Rand’s next challenge was rejection. Her first novel, We the Living (original title: Air Tight) sank after it was released without advertising. Next came The Fountainhead (original title: Second-Hand Lives), which was rejected by twelve editors – one of whom said it had no commercial value. Archibald Ogden, a new editor at Boggs-Merrill, was the thirteenth, and when the head office declined the book he placed his job on the line for it.
The book has since sold over five million copies.
Sales were slow at first, but the book’s increasing popularity freed Rand from the burden of grinding poverty. In 1943, she insisted on fifty thousand dollars for the movie rights – and got it, so after learning the good news, she and Frank went out to eat and happily selected the sixty-five cent meals instead of the forty-five cent ones. But her intransigent personality only strengthened, evident in demands such as an insistence that Roark’s courtroom speech be filmed in its entirety*.
And many of the reviews were negative. The book still achieved a grassroots popularity that resulted in good sales, though, and the royalties enabled Rand to work on her masterpiece, Atlas Shrugged (original title: The Strike).
There was as much drama in her personal life as in her professional one. Rand’s brilliance and charisma couldn’t always compensate for her “hair-trigger temper” and a curious lack of emotional intelligence. When she discovered her youngest sister Nora was the sole surviving member of her family - her parents and other sister died in the siege of Leningrad - she did everything she could to bring Nora to the States for a “visit”.
Yet Nora, unlike Rand, had no intention of staying. She was accustomed to life in Soviet Russia and eventually returned, after many bitter arguments with her older sister on the subject. Rand couldn’t tolerate a difference of opinion when it came to Communism.
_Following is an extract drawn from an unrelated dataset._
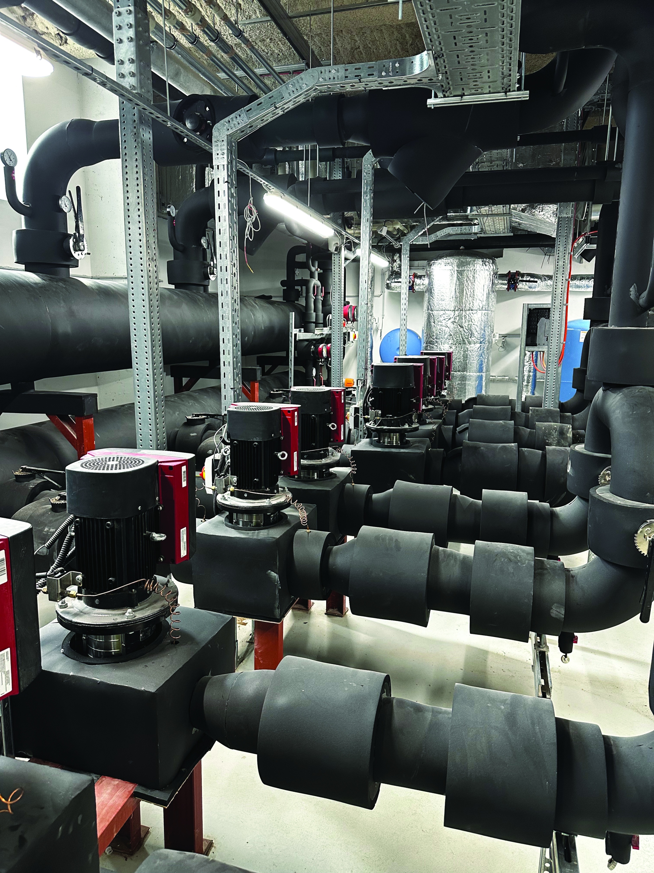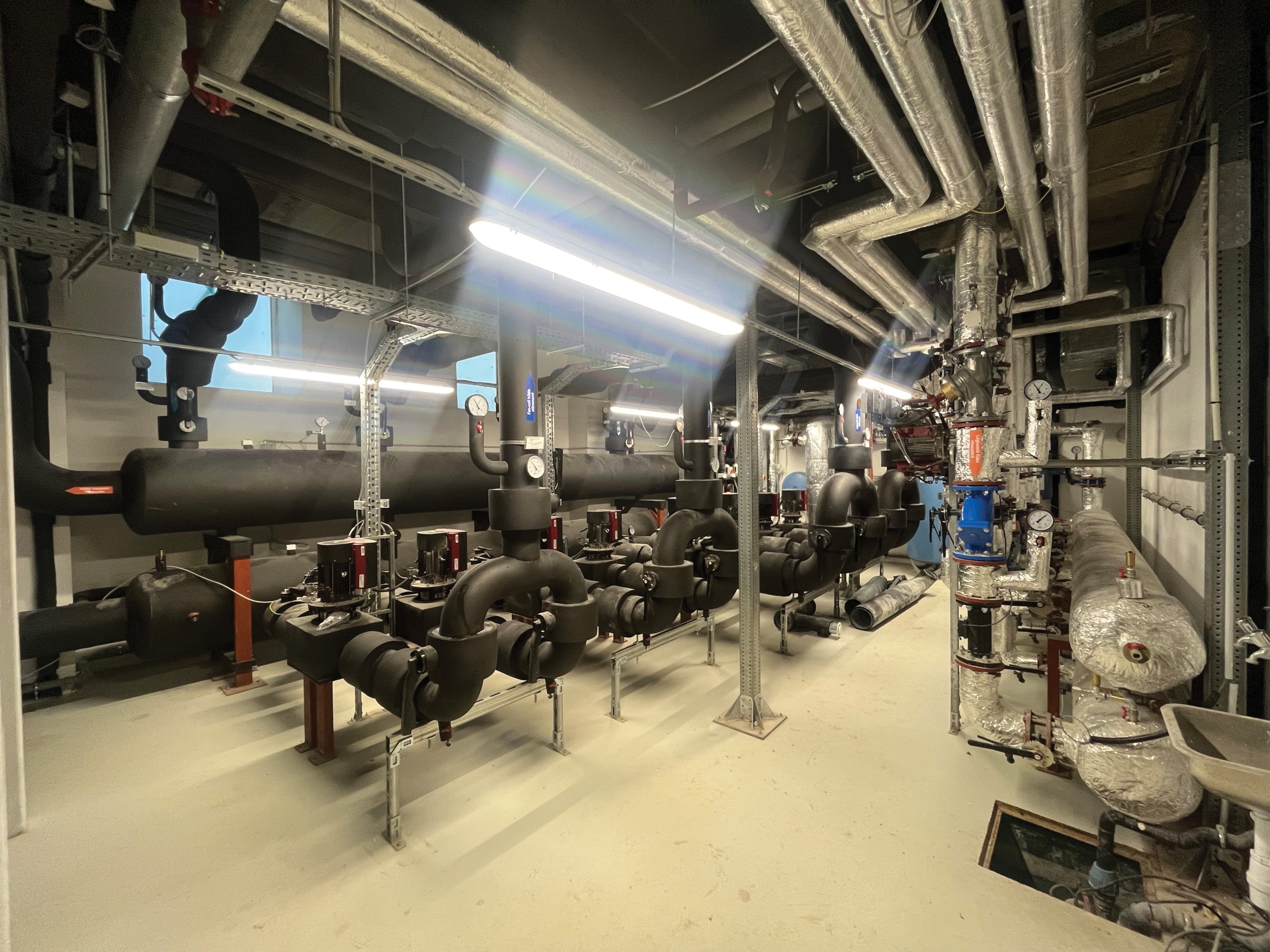 Az épületek friss levegő ellátását forgódobos hővisszanyerős légkezelők látják el, a hűtési energiát pedig folyadékhűtők biztosítják, ezek a berendezések mind a tetőn kaptak helyet. Fűtési energiát távhő szolgáltatás látja el.

But even that pales beside Rand’s affair with Branden’s husband. Nathaniel Branden was a psychologist twenty-five years Rand’s junior, who met Barbara through their mutual admiration for Rand’s work. He became Rand’s “intellectual heir” and they finally held a meeting with their respective spouses to discuss their attraction.
Rand explained that since she and Nathaniel were so well-matched intellectually, it only made sense for them to be together. So Barbara Branden and Frank O’Connor agreed to give them an afternoon a week for a meeting of the minds (and bodies).
Rational and civilized though this agreement may have been, the affair did not end happily, and it culminated in Rand’s discovery that Nathaniel was having another affair with a younger woman. The account of it in Michael Shermer’s Why People Believe Weird Things makes it sound like farce, but Barbara Branden spells it out in much more painful detail, not sparing either herself or Rand. That was the beginning of the end for Rand’s personal life, if not her professional one.
I loved reading this book, partly because I could identify with a writer who wasn’t accepted by her family and who fled her native land to live in a First World country. But also because it’s a meticulous and deeply insightful study of a famous (or infamous) life. And Barbara Branden’s discussion is always balanced. As she put it, those who hold Rand in either adoration or abhorrence overlook her humanity… which is sometimes what Rand did for people who disagreed with her values.
Ultimately, this is the story of the triumph and the tragedy of Ayn Rand. I recommend it.
*Granted, it’s shorter than John Galt’s, but that’s not saying much.